THERE’S something fishy going on in New Parade, Worthing.
Residents of the seafront street have been left baffled and angered after the fish-shaped flower beds in the green space in front of their homes have been filled in by Worthing Borough Council.
The lawn, which is owned by the council, previously featured a boat filled with flowers and two neighbouring fish-shaped flower beds, a design which is said to have been proposed to the council by residents to spruce up the space a few years ago.
However, the fish-shaped beds have now been filled in with turf, much to the anger of New Parade residents.
Resident Carol Walker said: “I was so shocked one day when I saw workmen come along and start filling in the fish. We weren’t told about this at all, and I think we should have been able to have a say.
“I know to some people it may seem like an insignificant development but it really added some character to this place.”
Other residents said they would have been happy to maintain the beds themselves if there were funding problems.

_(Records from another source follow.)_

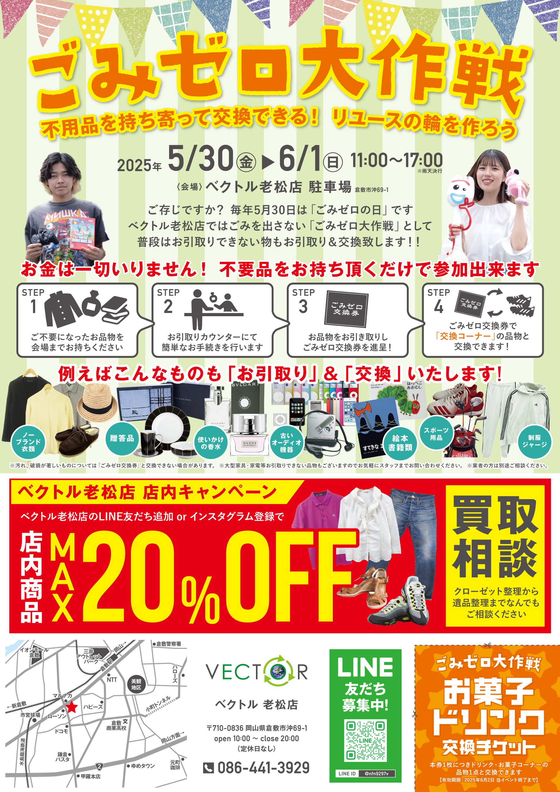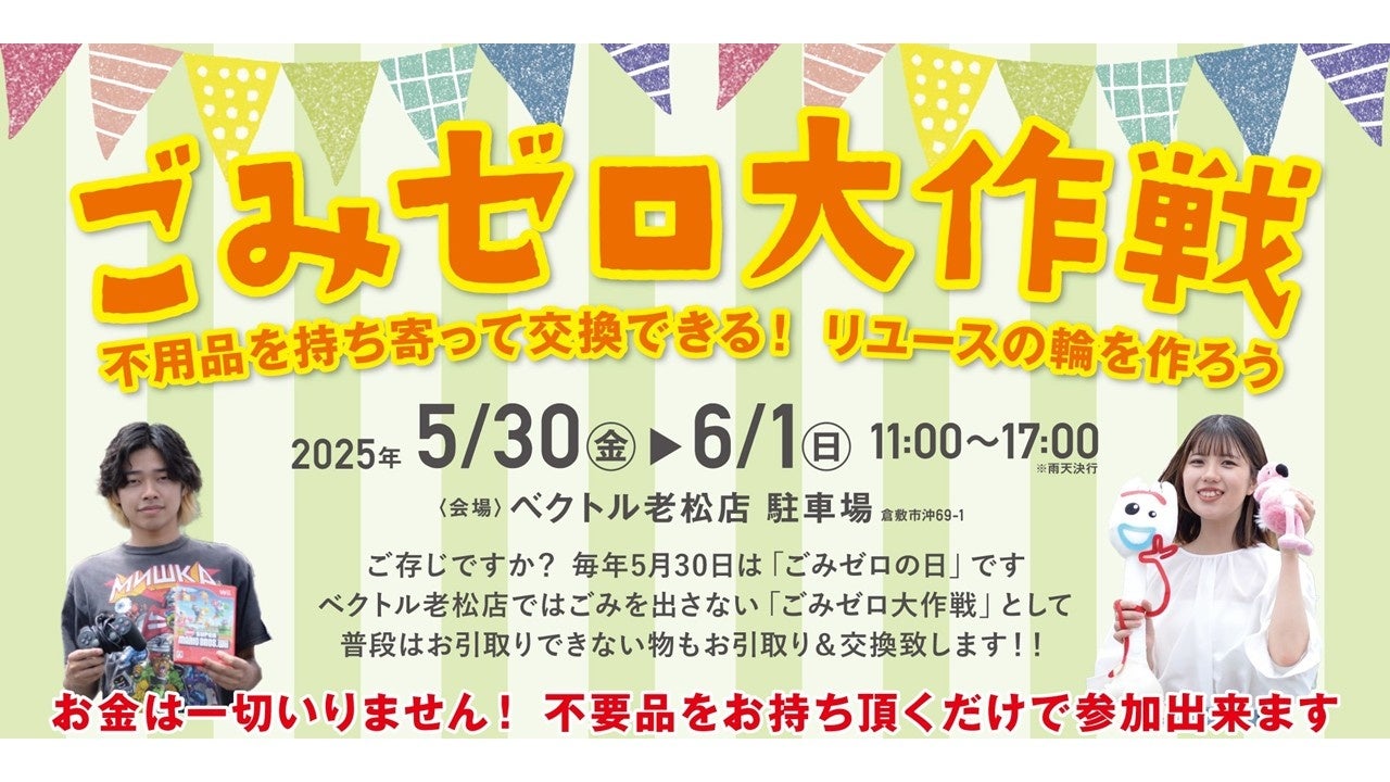 ファッションアイテムの買取や販売を⼿掛ける株式会社ベクトル(本社︓東京都港区、代表取締役︓村川智博)は、「ごみゼロの日」として制定されている2025年5月30日(金)から3日間に渡り、誰でも無料で参加できる物々交換イベント「ベクトルごみゼロ大作戦」を岡山県倉敷市で開催します。
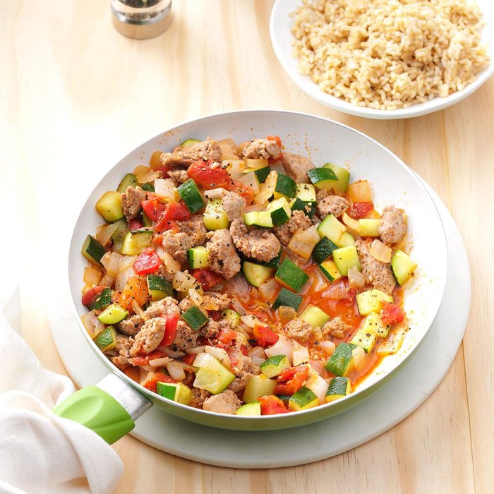 With two young boys constantly on-the-go, I’m always looking for ways to simplify meals. This recipe uses just one skillet, making it a cinch to prepare dinner for a hungry family in half an hour. —Sara Richardson, Littleton, Colorado
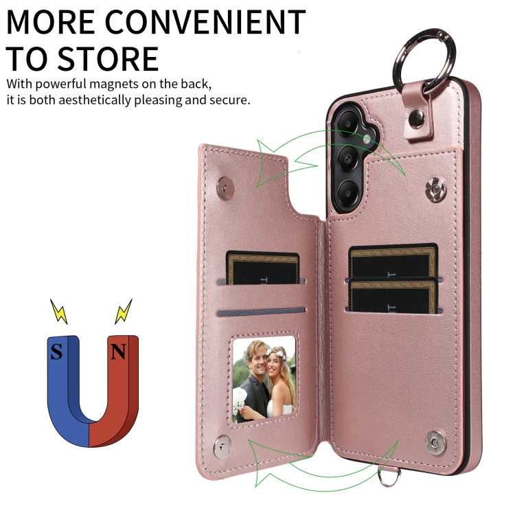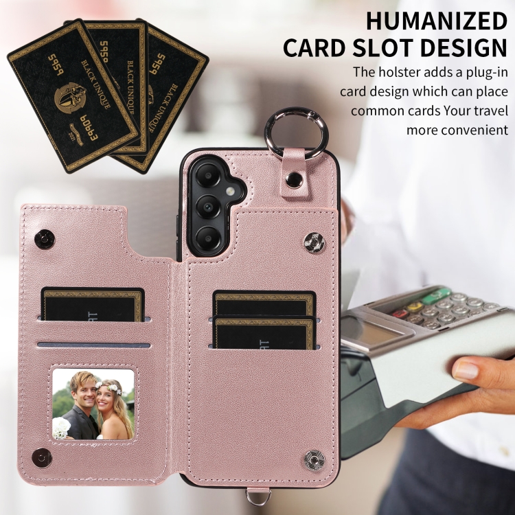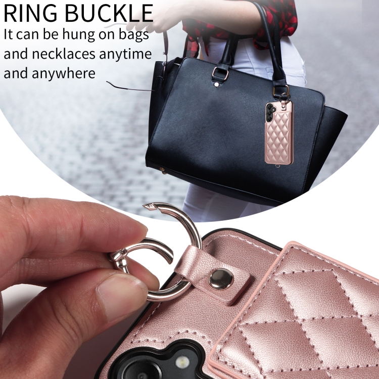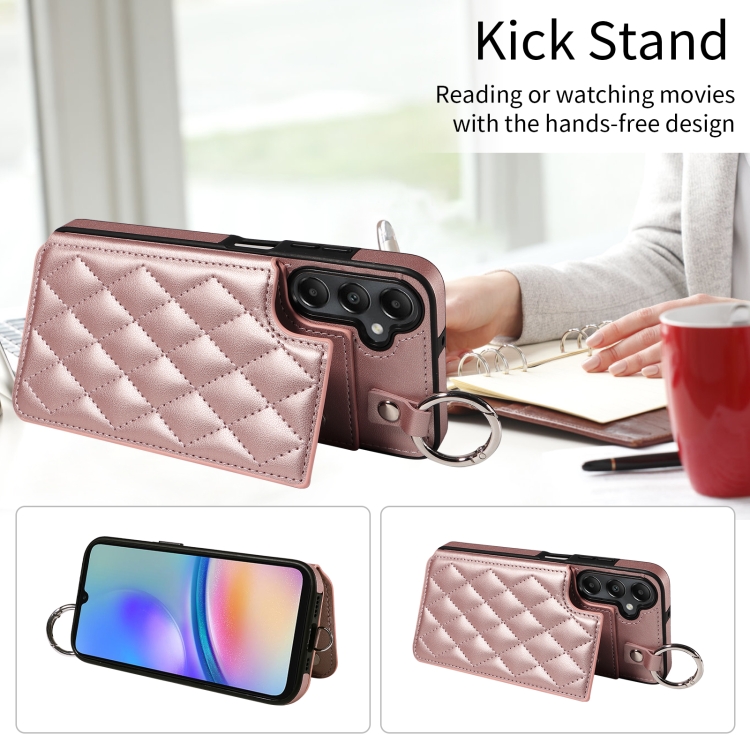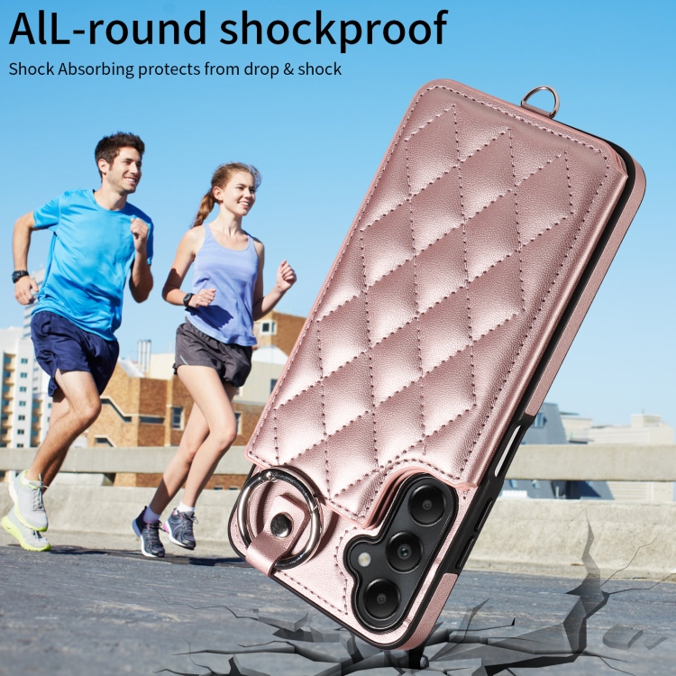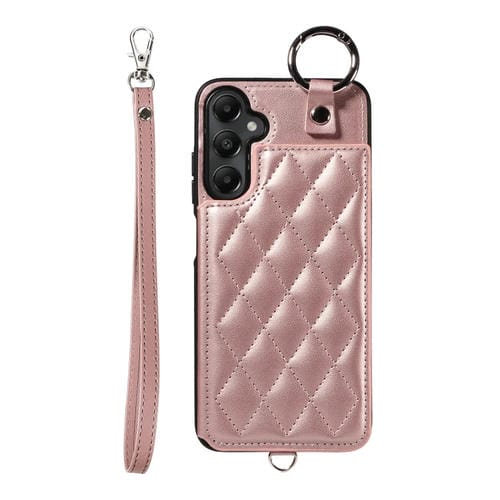 Estuche para Teléfono Samsung Galaxy A05S con Bolsa para Tarjetas Textura Rómbica y Cordón Corto (Oro Rosa)

Anna Chant said: “Maybe they didn’t have the budget to keep replanting bulbs.
“But even if they left the beds empty we could maybe look after the lawns. Or they could even put gravel down instead? Just keep the shape.”
Andrew Avison added: “We have lots of people walking past here to enjoy the vista or the pier and the sea, and they have asked us what’s happened to the fish. They said it was a shame they have gone, and I agree.”

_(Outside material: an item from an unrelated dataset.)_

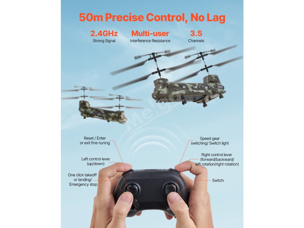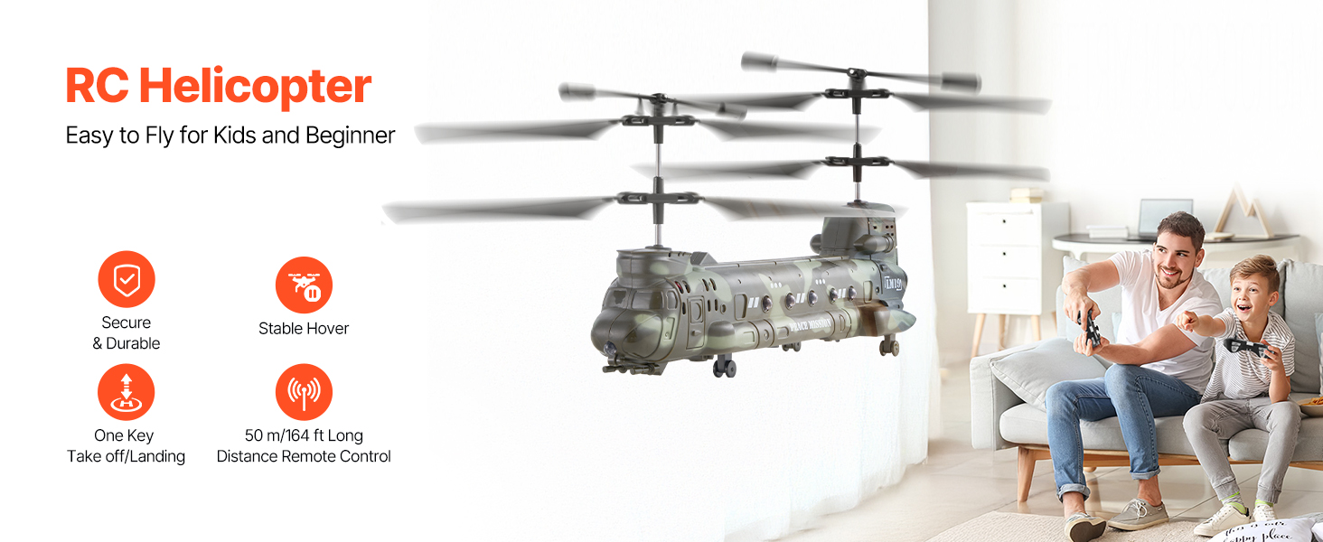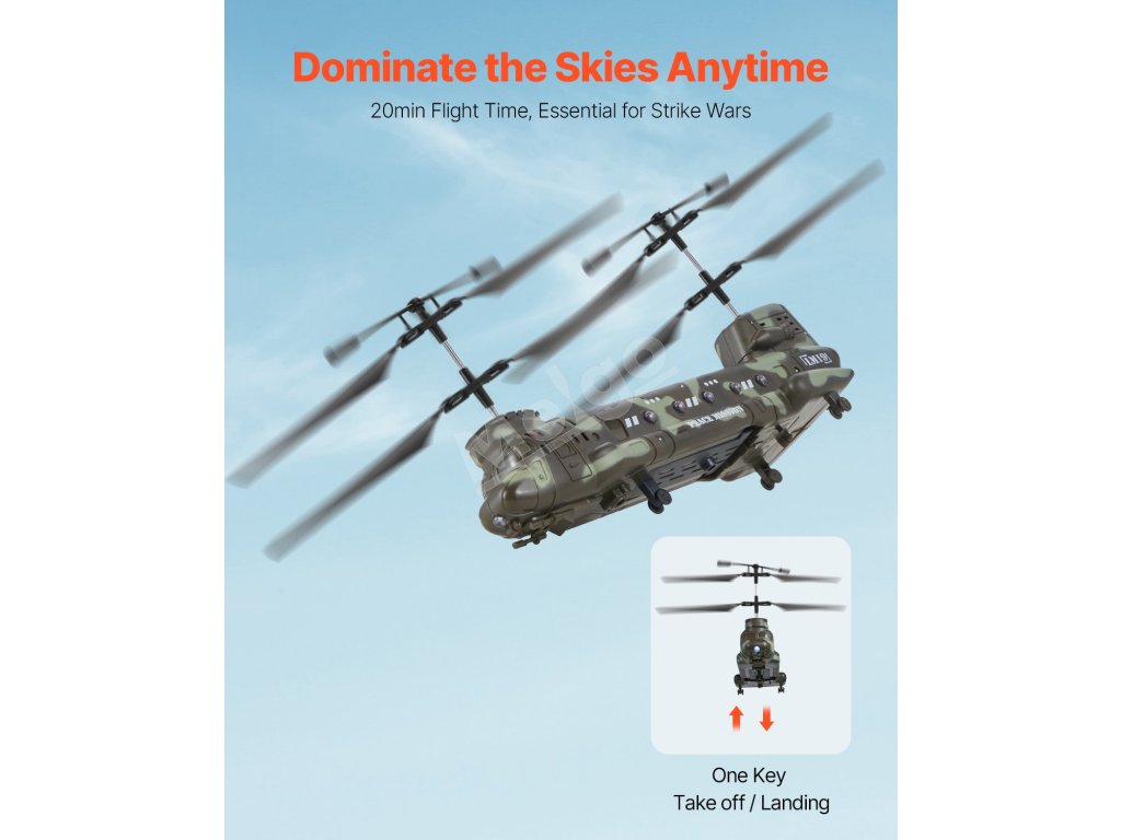 Tento RC vrtuľník je vybavený funkciou vzletu/pristátia pomocou jedného tlačidla a pokročilým gyroskopickým systémom pre jednoduchú a stabilnú prevádzku. Je vyrobený z odolných materiálov odolných voči nárazom a dodáva sa s 2,4GHz diaľkovým ovládačom na presné ovládanie na veľkú vzdialenosť. Ideálny pre deti od 8 rokov. Žiarivé svetlá dodávajú ďalšiu zábavu.

Worthing Borough Council has defended the move, saying the fish-shaped beds were proving costly to maintain.
A council spokesperson said: “What has been carried out is an in-fill of the fish-shaped beds, leaving the boat and new planting with phormium plants – which survive in dry conditions and look good throughout the year – as a feature.
“A tree is also going to be replaced and will be planted shortly.”
The council said residents had the opportunity to have their say in the Your chance to be the Chancellor questionnaires carried out in October.
A spokesperson said: “Parks was identified in our public consultation exercise as an area the public would be willing to see a reduction in services to save money, and this is an example of where this has been carried out.”